**Data for processing**
◆ ◆ ◆ ◆ ◆
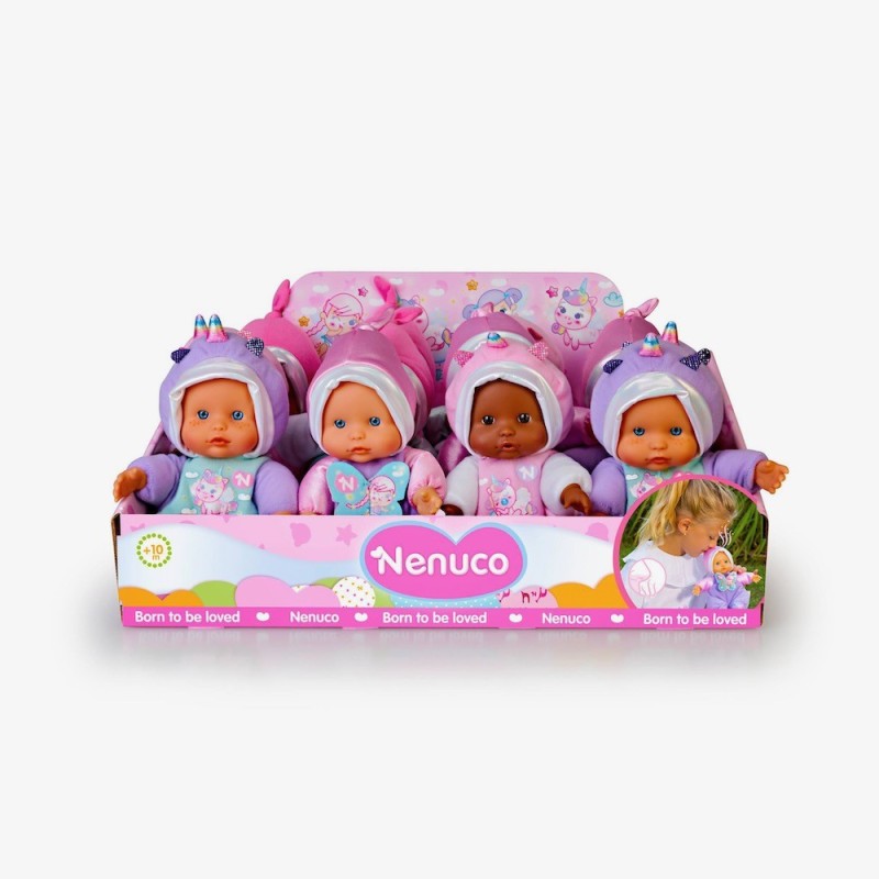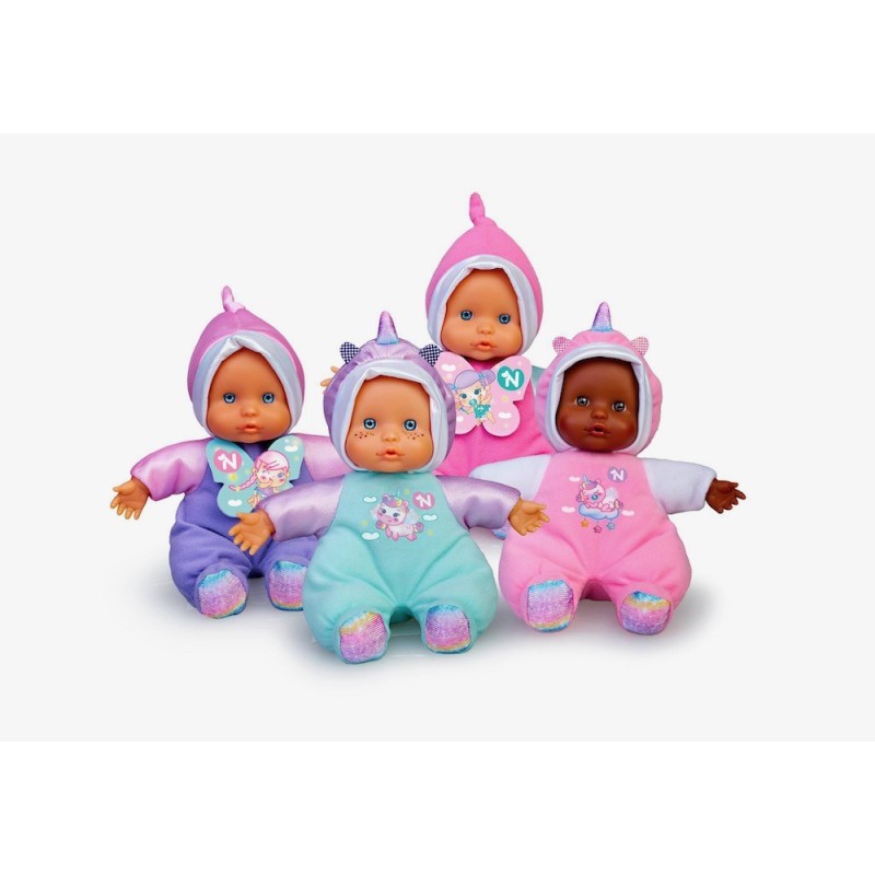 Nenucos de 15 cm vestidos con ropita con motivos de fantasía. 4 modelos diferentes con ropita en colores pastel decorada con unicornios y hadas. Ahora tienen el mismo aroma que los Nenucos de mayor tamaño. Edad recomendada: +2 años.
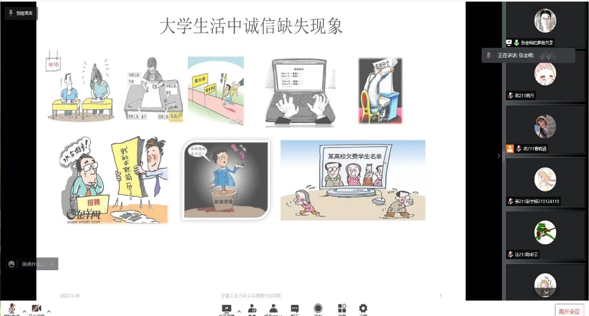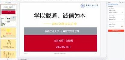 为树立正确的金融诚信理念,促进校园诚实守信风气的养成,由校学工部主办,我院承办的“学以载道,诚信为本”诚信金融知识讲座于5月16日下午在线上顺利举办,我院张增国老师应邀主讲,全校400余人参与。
◆ ◆ ◆ ◆ ◆
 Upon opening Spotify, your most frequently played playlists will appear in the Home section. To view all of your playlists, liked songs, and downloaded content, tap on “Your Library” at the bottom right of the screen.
◆ ◆ ◆ ◆ ◆
What is needed is an exact copy of the lines above from the one with "Nenucos de 15" to the one with "为树立正确的金融诚信理念,促", both ends kept, and nothing more; please leave the pictures out.

 Nenucos de 15 cm vestidos con ropita con motivos de fantasía. 4 modelos diferentes con ropita en colores pastel decorada con unicornios y hadas. Ahora tienen el mismo aroma que los Nenucos de mayor tamaño. Edad recomendada: +2 años.
 为树立正确的金融诚信理念,促进校园诚实守信风气的养成,由校学工部主办,我院承办的“学以载道,诚信为本”诚信金融知识讲座于5月16日下午在线上顺利举办,我院张增国老师应邀主讲,全校400余人参与。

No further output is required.